2020-05-10	emlcontentfoo: drop the {discrete} and {composite} fields
	We don't have to worry about compatibility with old installations of Email::MIME::ContentType any longer, so save some space.
2020-05-10	t/mime: fix test to work w/o Email::MIME
	Although the lazy loading changes were correct, the code was still using PublicInbox::MIME as a fixed class. Use the `$cls' variable from the loop. Favor ->subparts to ->parts, instead, too, since ->parts is discouraged by the Email::MIME manpage and not implemented for Eml.
2020-05-10	eml: rename limits to match postfix names
	They're still part of our internal API at this point, but reusing the same names as those used by postfix makes sense for now to reduce cognitive overheads of learning new things. There's no "mime_parts_limit", but the name is consistent with "mime_nesting_limit".
2020-05-10	eml: enforce a maximum header length
	While our header processing is more efficient than Email::*::Header, capping the maximum size for a `m//g' match still limits memory growth on a header we care for. Use the same limit as postfix (header_size_limit=102400), since messages fetched via git/HTTP/NNTP/etc can bypass MTA limits.
2020-05-09	remove most internal Email::MIME usage
	We no longer load or use Email::MIME outside of comparison tests.
2020-05-09	EmlContentFoo: Email::MIME::ContentType replacement
	Since we're getting rid of Email::MIME, get rid of Email::MIME::ContentType, too; since we may introduce speedups down the line specific to our codebase.
2020-05-09	replace most uses of PublicInbox::MIME with Eml
	PublicInbox::Eml has enough functionality to replace the Email::MIME-based PublicInbox::MIME.

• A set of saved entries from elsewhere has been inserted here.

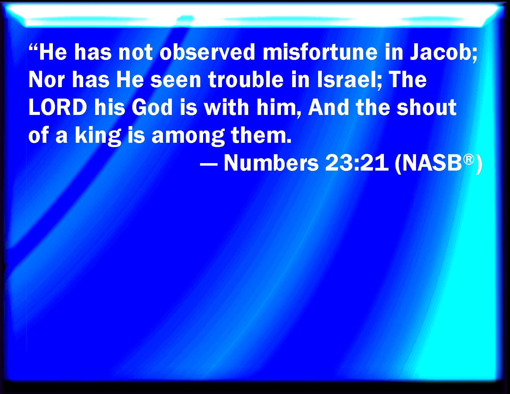 Bible Verse Slide Numbers 23:21 He has not beheld iniquity in Jacob, neither has he seen perverseness in Israel: the LORD his God is with him, and the shout of a king is among them. KJV: He hath not beheld iniquity in Jacob, neither hath he seen perverseness in Israel: the LORD his God is with him, and the shout of a king is among them. DRB: There is no idol in Jacob, neither is there an image god to be seen in Israel. The Lord his God is with him, and the sound of the victory of the king in him. DBT: He hath not beheld iniquity in Jacob, neither hath he seen wrong in Israel; Jehovah his God is with him, and the shout of a king is in his midst. ERV: He hath not beheld iniquity in Jacob, Neither hath he seen perverseness in Israel: The LORD his God is with him, And the shout of a king is among them. WBT: He hath not beheld iniquity in Jacob, neither hath he seen perverseness in Israel; the LORD his God is with him, and the shout of a king is among them. WEB: He has not seen iniquity in Jacob. Neither has he seen perverseness in Israel. Yahweh his God is with him. The shout of a king is among them. YLT: He hath not beheld iniquity in Jacob, Nor hath He seen perverseness in Israel; Jehovah his God is with him, And a shout of a king is in him.Links Numbers 23:21 NIV • Numbers 23:21 NLT • Numbers 23:21 ESV • Numbers 23:21 NASB • Numbers 23:21 KJV • Numbers 23:21 Interlinear • Numbers 23:21 Commentaries • Numbers 23:21 Parallel Texts • Numbers 23:21 Bible Apps • Numbers 23:21 Parallel • Bible Hub |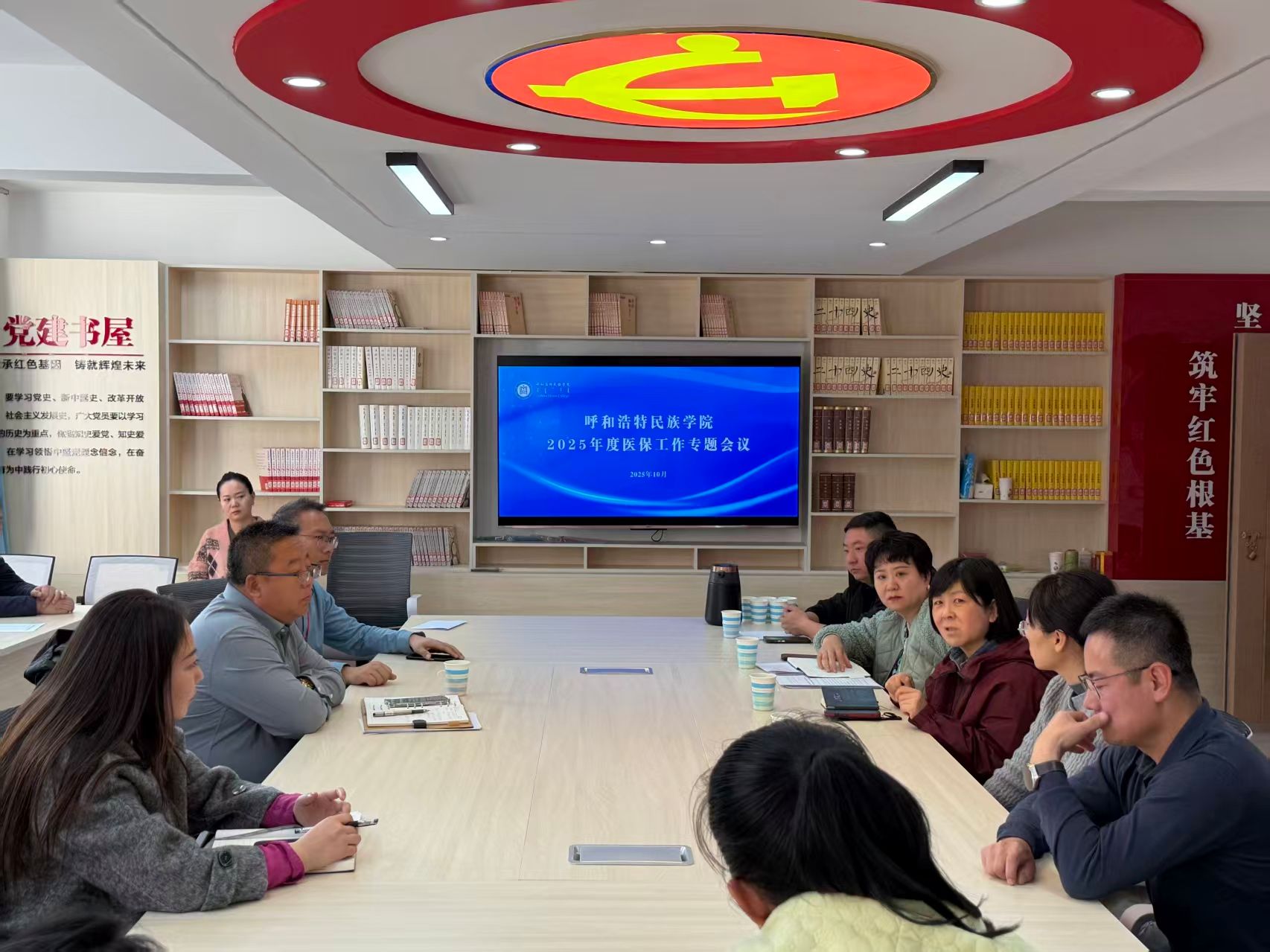 为切实做好2025年度学生医保参保工作,进一步提升工作效能,保障广大学生切身利益,10月21日下午,学校在三号公寓党团活动室召开2025年度学生医保工作专项会议。呼和浩特市医保服务中心、新城区医疗保障局、海拉尔街道办事处相关人员应邀参加,学生工作部部长常喜主持会议,各学院学生医保工作具体负责人参加会议。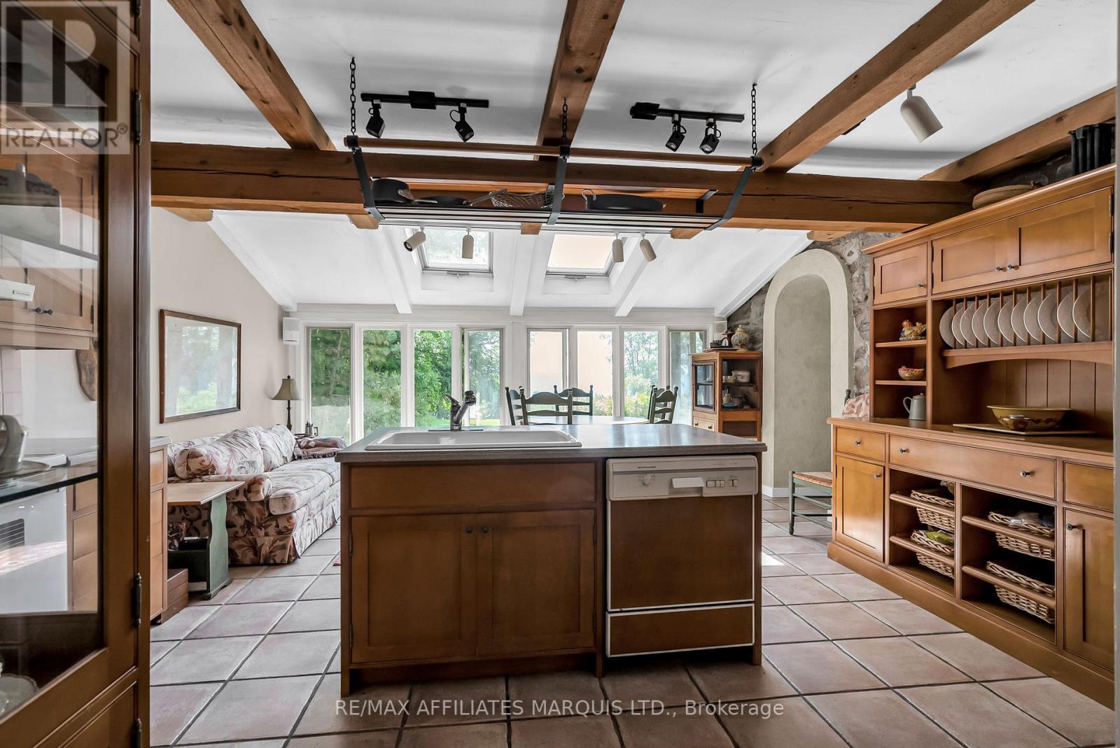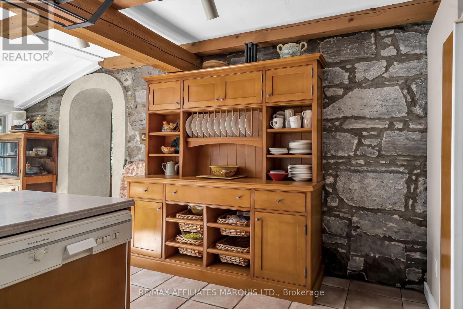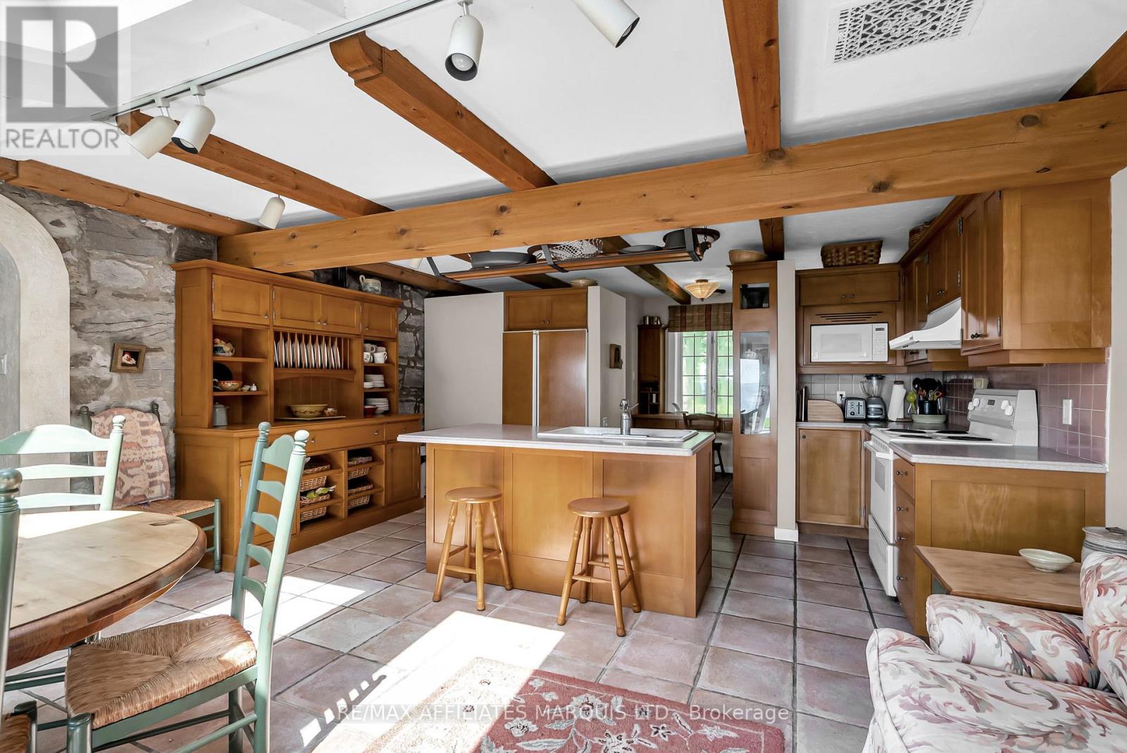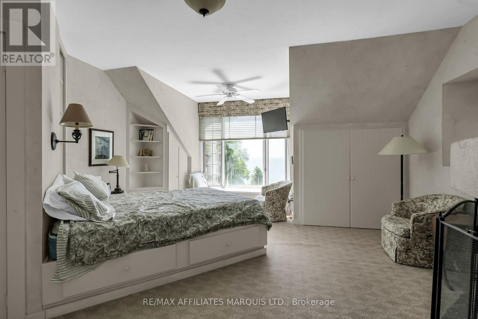 A truly special waterfront estate on 3.17 acres with 145 feet of shoreline on Lake St. Francis. Built in 1832 and updated in 1994, this timeless stone home is rich in character and offers the perfect blend of heritage charm and everyday comfort. Set back from the road along a private laneway, the property feels like a peaceful escape, surrounded by mature trees and breathtaking lake views. Inside, the home features original details and three wood-burning fireplaces in the dining room, primary bedroom, and the walkout basement. The main level includes a cozy living room, a welcoming kitchen, and a screened-in porch where you can enjoy morning coffee while watching the sun rise over the water. Upstairs you'll find three bedrooms, including a water-facing primary suite with a fireplace, ensuite bath, and convenient upstairs laundry. The lower level offers a warm and inviting family room with another fireplace and walkout access to the yard. A separate 3-bedroom, 1-bath cottage sits on the property with its own screened-in porch, 200-amp service, and separate hydro meter perfect for extended family, guests, or potential rental income. The home is serviced by two wells and two septic systems. Additional features include a detached 2-car garage with a loft and a separate outbuilding currently used as an art studio. A small beach area, gorgeous lake views, and room to roam make this property ideal for families seeking both beauty and function in a lakeside setting. This is a rare opportunity to own a piece of history and create unforgettable memories in a one-of-a-kind setting. Just minutes from the Quebec Border.This property is just minutes away from a private airport, giving you quick access. 24 hour irrevocable on all offers. (id:64974)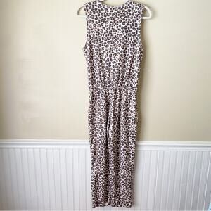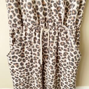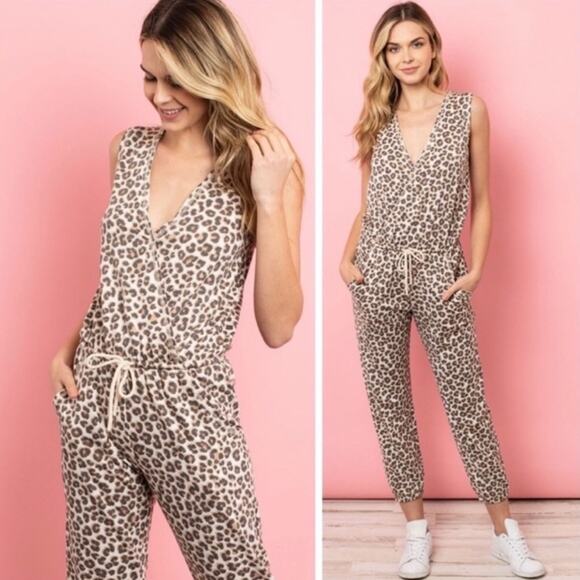 Features: Adorable jumpsuit, sleeveless, leopard animal print, surplice v-neck with closure, elastic waist with drawstring, pockets, elastic ankle hem, very soft and comfy, stretchy
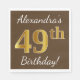 Brown, Faux Gold 49th Birthday + Custom Name Napkin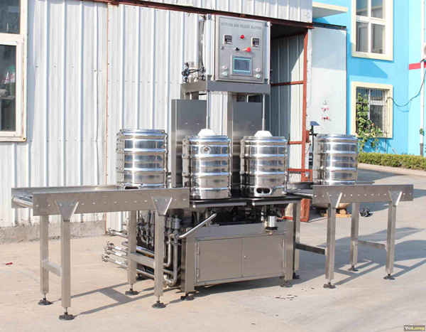Coloque os barris na estação de trabalho - Despeje o refinado - limpe com água limpa e quente - Infate (descarte de água limpa) - Limpe com água alcalina quente - Infle (circule a água quente alcalina) - limpe com água limpa e quente - Infle (descarte água limpa) - Limpar com água limpa e quente - Inflar (descarregar água limpa) - Descarregar vapor e depois esterilizar - Inflar com CO2 (descarregar o oxigênio dentro do tanque) - CO2 - Parar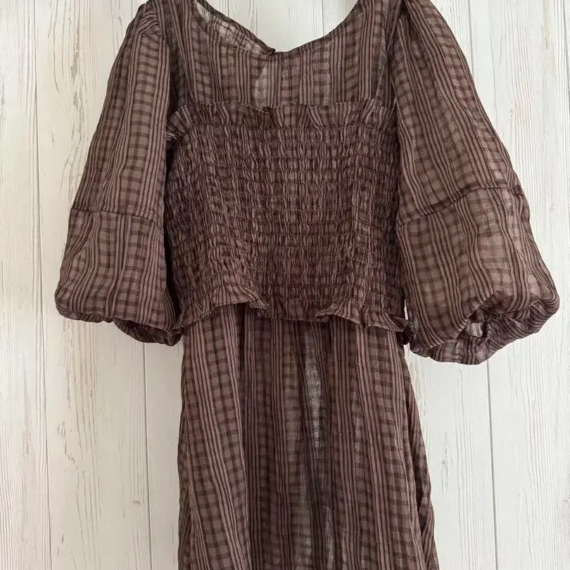 ~NICECLAUP 2023 early autumn Collection~ 시어한 느낌이 있는 튜닉에 셔링 뷔스티에가 세트로 구성된 아이템입니다. 비침이 있는 소재이므로 여름부터 가을 초까지 착용하실 수 있습니다. 소매는 볼륨감 있는 실루엣이며, 5부 소매 길이로 팔 둘레를 커버합니다. 튜닉은 엉덩이까지 덮는 디자인으로 넉넉한 실루엣이며, 물론 각각 단품으로도 활용 가능하여 돌려입기에도 좋습니다.

2020-05-09	eml: pure-Perl replacement for Email::MIME
	Email::MIME eats memory, wastes time parsing out all the headers, and some problems can't be fixed without breaking compatibility for other projects which depend on it. Informal benchmarks show a ~2x improvement in general stats gathering scripts and ~10% improvement in HTML view rendering. We also don't need the ability to create MIME messages, just parse them and maybe drop an attachment. While this isn't the zero-copy or streaming MIME parser of my dreams; it's still an improvement in that it doesn't keep a scalar copy of the raw body around along with subparts. It also doesn't parse subparts up front, so it can also replace our uses of Email::Simple.
2020-05-09	msg_iter: pass $idx as a scalar, not array
	This doesn't make any difference for most multipart messages (or any single part messages). However, this starts having space savings when parts start nesting. It also slightly simplifies callers.
2020-05-09	search: support searching on List-Id
	We'll support both probabilistic matches via `l:' and boolean matches via `lid:' for exact matches, similar to how both `m:' and `mid:' are supported. Only text inside angle braces (`<' and `>') are supported, since I'm not sure if there's value in searching on the optional phrases (which would require decoding with ->header_str instead of ->header_raw).